Why do kids cut: What parents and teachers often get wrong about self-injury

Why do kids cut: What parents and teachers often get wrong about self-injury

It starts with a sharp, stinging sensation. Then, for a moment, the world goes quiet. It sounds backwards, right? Most people spend their entire lives trying to avoid pain, so when a parent finds a hidden blade or sees a series of straight-line scars on their teenager’s forearm, the reaction is usually pure, unadulterated panic. They think "suicide attempt." They think "attention-seeking."

But the reality of why do kids cut is usually much more complicated—and ironically, it's often about trying to stay alive rather than trying to end it.

Let’s be real. It’s terrifying. You’re looking at your child, someone you've protected from every scraped knee since they were a toddler, and realizing they are intentionally hurting themselves. It feels like a failure of parenting. It isn’t. Nonsuicidal self-injury (NSSI) is a clinical phenomenon that has skyrocketed over the last decade. Research from the Journal of the American Academy of Child & Adolescent Psychiatry suggests that nearly 18% of adolescents have engaged in some form of self-harm. That’s nearly one in five. If you’re in a classroom of thirty kids, statistically, five or six of them might be carrying this secret.

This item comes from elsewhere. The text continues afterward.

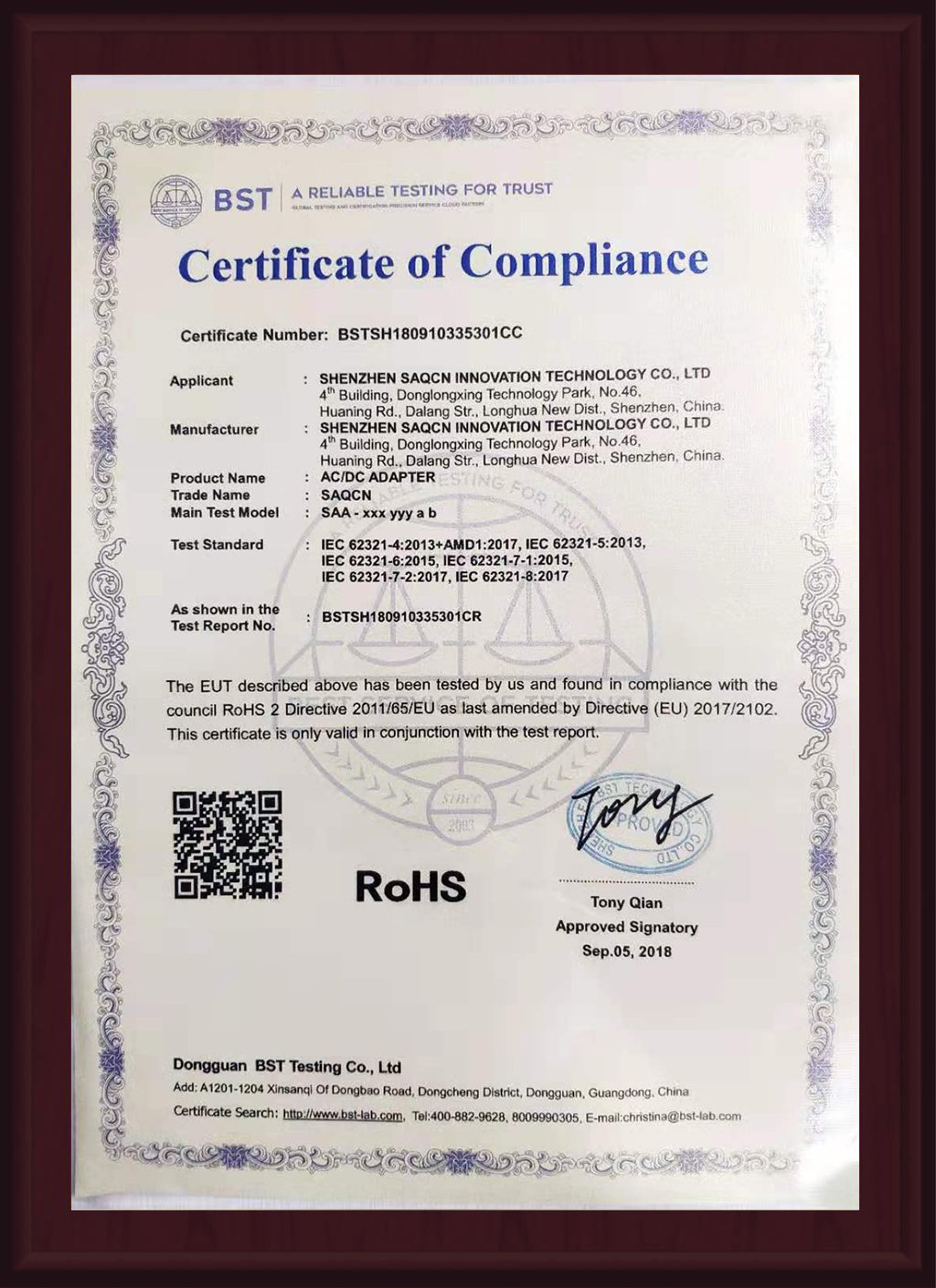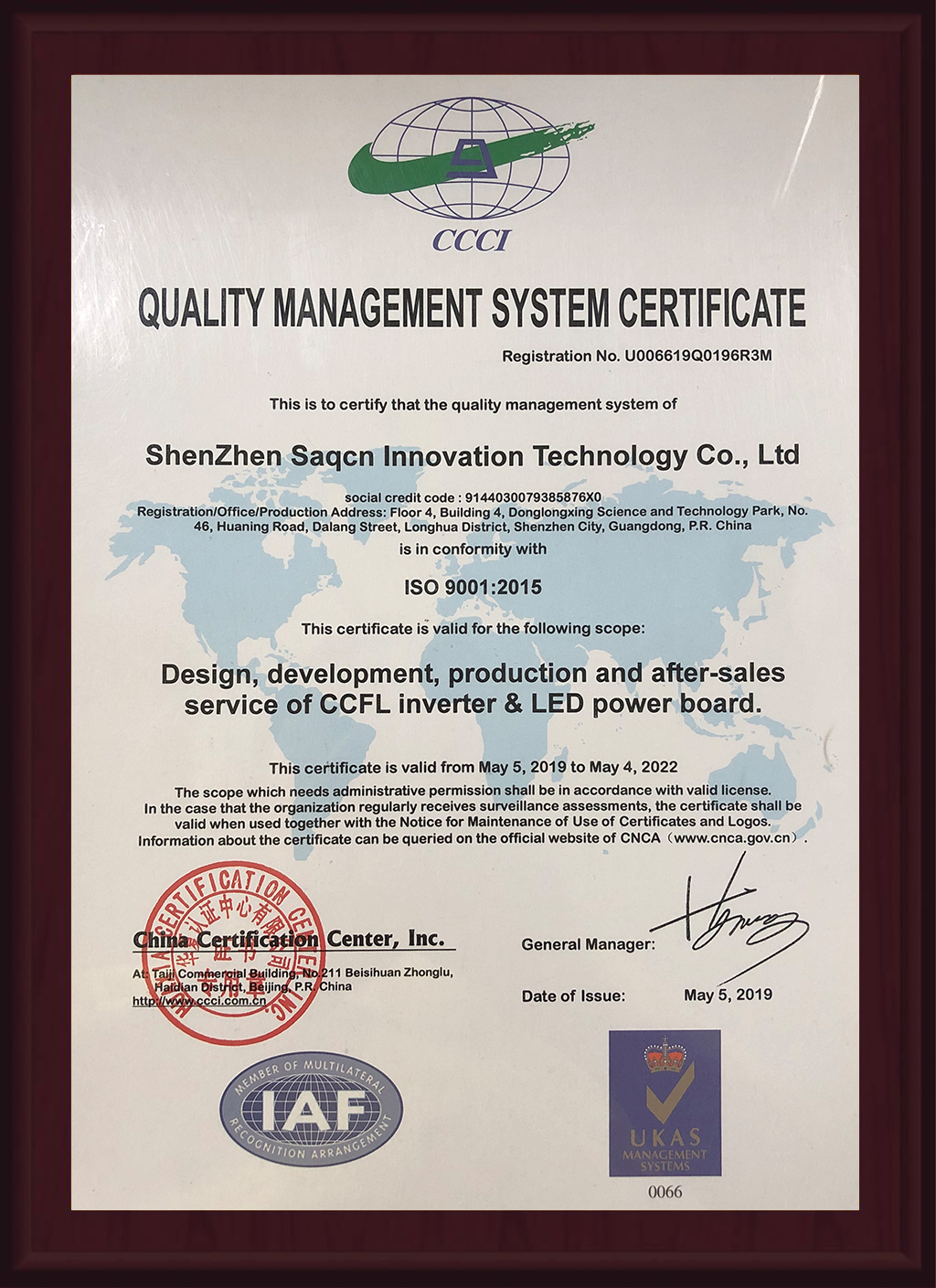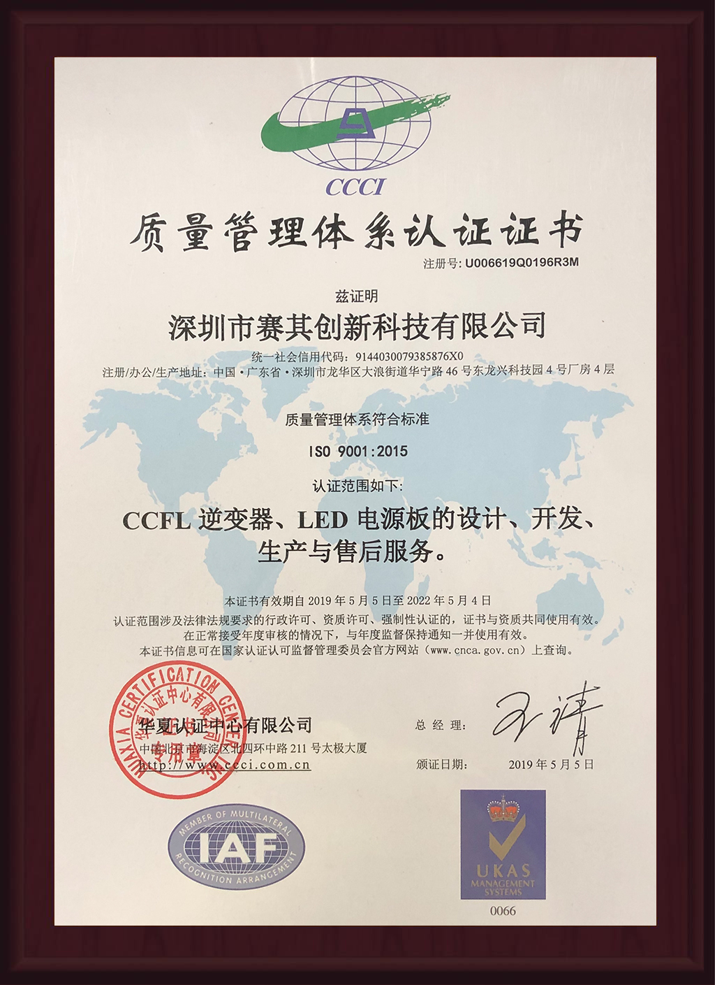 质量管理体系认证证书

The neurochemistry of the "Release"

So, why do kids cut? Honestly, it’s often about brain chemistry. When a person experiences intense emotional pain—the kind that feels like a physical weight in the chest or a screaming noise in the head—the brain can’t always process it through words. Physical pain, however, is something the brain knows how to handle.

When the skin is broken, the body immediately floods the system with endorphins and enkephalins. These are the body’s natural painkillers. They are chemically similar to opiates. For a kid who is drowning in anxiety or numb from depression, that sudden rush of internal chemicals provides a momentary, "high" or a sense of "calm."

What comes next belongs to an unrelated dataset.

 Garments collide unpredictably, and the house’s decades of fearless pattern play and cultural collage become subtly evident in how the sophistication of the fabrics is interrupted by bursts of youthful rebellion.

It’s a coping mechanism. A dangerous one, sure. But it works. That’s the problem.

Dr. Barent Walsh, a leading expert and author of Self-Mutilation: Theory, Research, and Treatment, has spent decades explaining that for many of these kids, cutting is a way to regulate emotions that feel unmanageable. It’s not a "crazy" act; it’s a desperate attempt to feel better. They aren't trying to die. They are trying to survive the next ten minutes.

It’s not just "for attention" (And why that phrase is toxic)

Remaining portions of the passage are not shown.